Copyright Act amendments not apt for film and music

By Ameet Datta and Suvarna Mandal, Saikrishna & Associates

The amendments almost three years ago to the Copyright Act, 1957, are arguably among the most significant made to the act to date. The amendments not only radically altered how copyright ownership devolved but also included film and music industry centric provisions which, in effect, disallowed authors and composers from transferring or waiving a right to profit “equally” from the ongoing exploitation of their works, thus impeding contractual freedom.

Ameet Datta
Ameet Datta

It was clear at the outset that while the amendments impacted everyday transactions and ways of doing business, the success of the author centric changes depended on other provisions which were supposed to ensure that industry functioning was not obstructed. It now appears that provisions intended to streamline licensing administration and valuation remain ineffective on the ground, and the film and music industry and sectors which exploit film and music face exposure on account of gaps in the act and confusion arising due to varying interpretations of the extent of the royalty provisions.

Prior to the amendment which prevents authors and composers from assigning or waiving an “equal share” of royalties, the industry practice was to pay a one-time lump sum consideration as opposed to revenue share arrangements. The provision impairing, in effect, the ability of authors and composers to enter into contracts waiving their monetary rights under the act may be the only such provision in any statute worldwide.

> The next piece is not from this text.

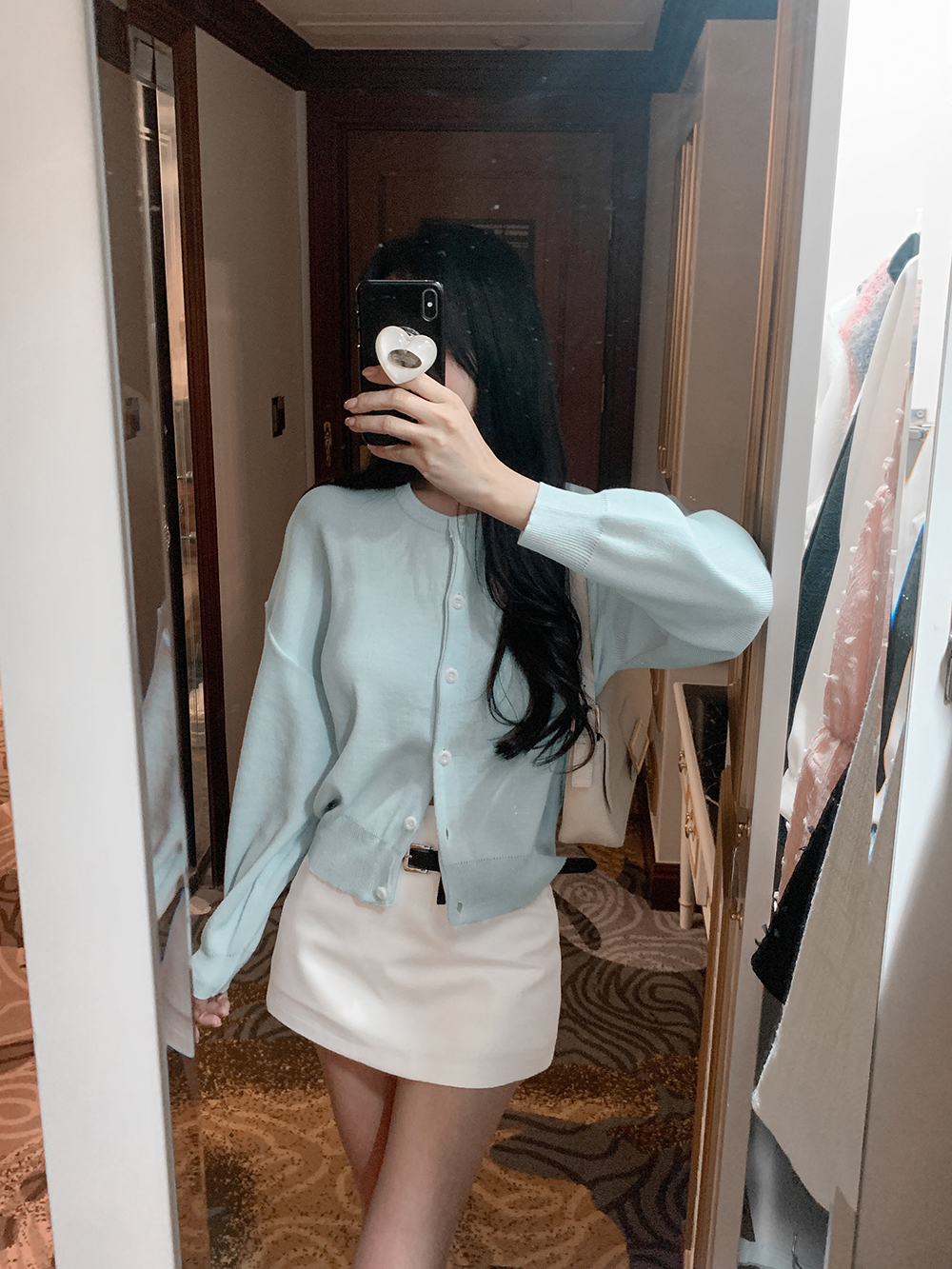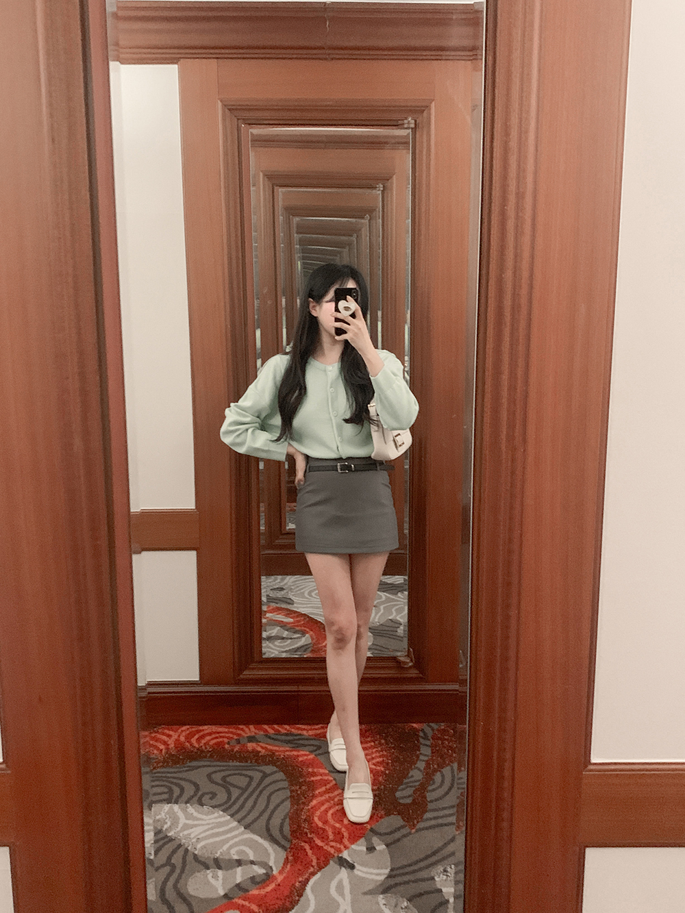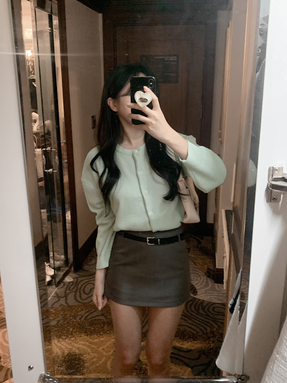 미니 포켓 파우치를 빼고 벨트만 활용하면 더욱 깔끔한 무드를 연출할 수 있어요.
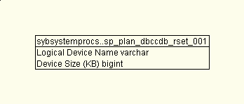 1 create table sp_plan_dbccdb_rset_001(-- 0 Rows, Data: 0 B, Index: 0 B 2 [Logical Device Name] varchar(255) not null, 3 [Device Size (KB)] bigint not null 4 ) 5

While it would be incorrect to say that the amendments brought about immediate change in business models or practices in the media and entertainment industry, over the past two years contracting practices have been adjusted to incorporate royalty sharing provisions between producers/music labels and authors/composers. However, the infrastructure necessary for the effective collection of royalties is yet to be put into place for several reasons.

First, what has been criticized as “loose legislative language” has created confusion about the meaning of “equal share” in section 18 as opposed to “equal basis” in section 19, and also as to whether a single sum would be an adequate and equitable remuneration in compliance with the act. Further, since authors and composers continue to charge an up-front lump sum consideration (in addition to royalties), producers and music labels argue that the lump sum should either be done away with or “adjusted” against the royalties. This, they say, would allow them to recover their acquisition and marketing costs with the alternative spelling financial disaster. Music labels also complain that the royalty provisions practically do not allow for “downstream” lump sum-based licensing deals, effectively interfering with their ability to negotiate private arrangements.

Suvarna Mandal
Suvarna Mandal

Second, copyright societies – the collective licensing bodies which were intended to be the “vehicles” for royalty administration – have, as a result of the amendments, withdrawn from the government-mandated and regulated copyright society system under the act. This has been prompted largely by music labels, which drive the societies and are unhappy with the new system. This has led to a fragmentation of copyright administration and has adversely impacted both owners and users of copyright. The prevailing uncertainty has led to confusion as well as financial and legal exposure for broadcasters, digital content distributors, etc.

Third, the amendments envisaged that a strengthened Copyright Board would be constituted to enable broadcasting companies to access statutory licences. The expectation was that the board would fix statutory licence tariffs for broadcast of music across the radio and TV sectors. The inexplicable delay by the government to constitute the board has left broadcasters remediless and at the mercy of wildly fluctuating and apparently illogical valuations for use of music. Moreover, it is unlikely that the board will be constituted anytime soon since its constitutional validity has been challenged in various court cases.

Fourth, a lack of clarity on whether the amendments apply retrospectively has exposed users of music to potential civil and criminal liabilities. Producers and music labels argue that to require payments now for exploitation of works assigned 20 years ago would adversely impact the industry. One view, which is yet to be tested in a court, is that the amendments have “retroactive effect”, i.e. while they are not retrospective in nature, royalties would be payable if a work assigned prior to the amendments is exploited after the commencement of the amended act.

It is safe to say that almost three years after the amendments came into force, the film and music provisions are yet to deliver useful results. The Copyright (Amendment) Act, 2012, has been challenged by various affected parties in writ petitions before Delhi High Court, Bombay High Court and more recently Calcutta High Court and it is hoped that judicial pronouncements in such cases will clarify the legislative intent.

Ameet Datta is a partner at Saikrishna & Associates, where Suvarna Mandal is an associate. The views expressed in this article are personal.